▶ [Input data]
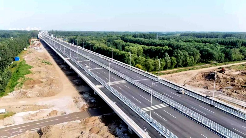 市建科院代建路段全長5.3公里,始于河北省廊坊市香河縣鉗屯鎮雙安新城西側的國道G230鉗屯彎道,止于國道G230與鄉道老夏安線的交匯處。項目的核心為全長2909.5米的北運河特大橋及引橋工程,包含一座長度280米跨越北運河的主橋。全路段按照一級公路標準進行修建,路基寬度為45米,配備機動車雙向六車道,并前瞻性地設置了獨立的非機動車道及人行道,設計時速為80公里。
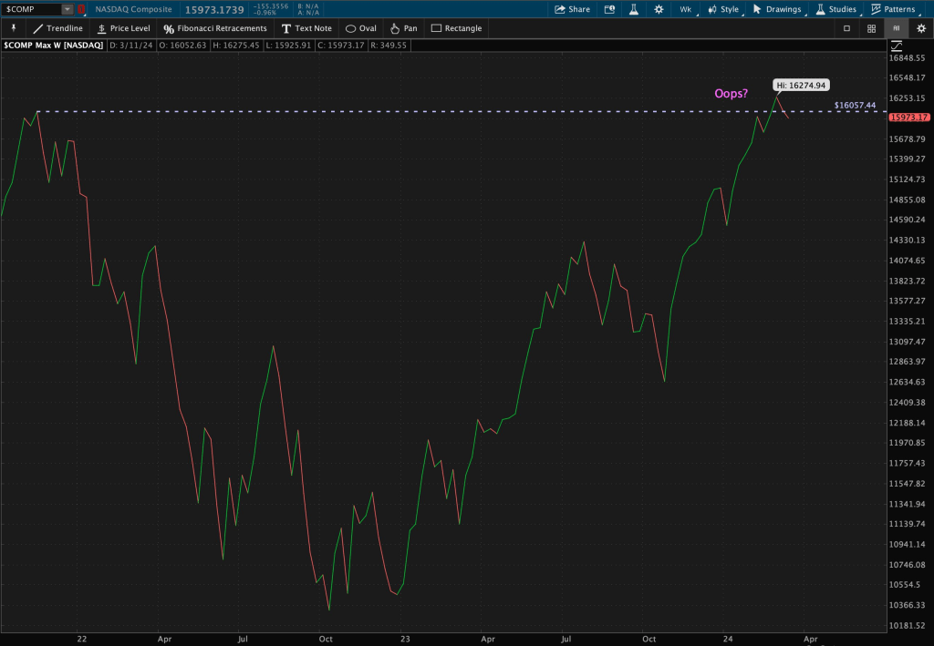 First, Technology (NASDAQ Composite) is back underneath its weekly close 2021 highs after its breakout last week, where it notched its highest weekly close in history at 16,275.
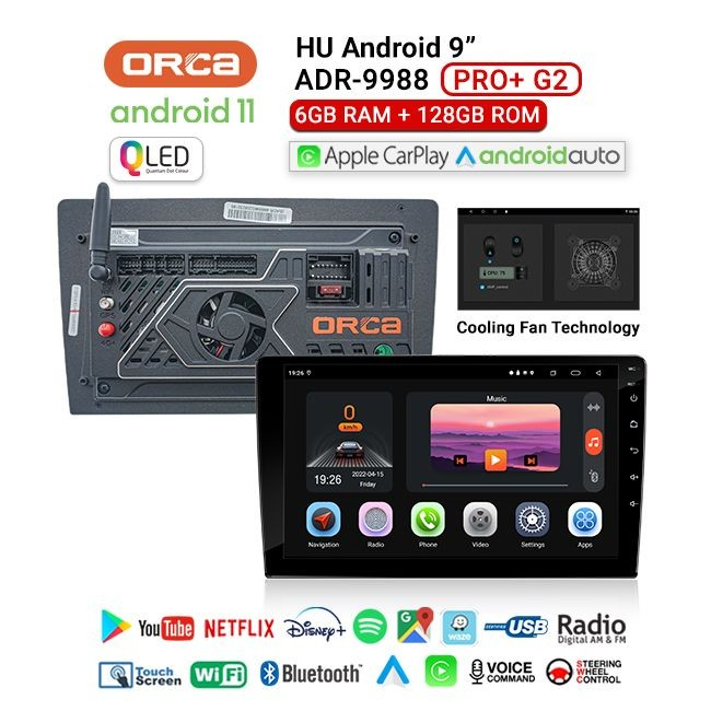Headunit Android Orca Pro+ G2 QLED NFC 9/10 Inch DSP Ram 6/256

▶ [Goal of the exercise] Restate the lines above exactly, from the one bearing "First, Technology (NASDAQ" through the final line of the material, both included, omitting pictures.

▶ [Exercise result]
 First, Technology (NASDAQ Composite) is back underneath its weekly close 2021 highs after its breakout last week, where it notched its highest weekly close in history at 16,275.
Headunit Android Orca Pro+ G2 QLED NFC 9/10 Inch DSP Ram 6/256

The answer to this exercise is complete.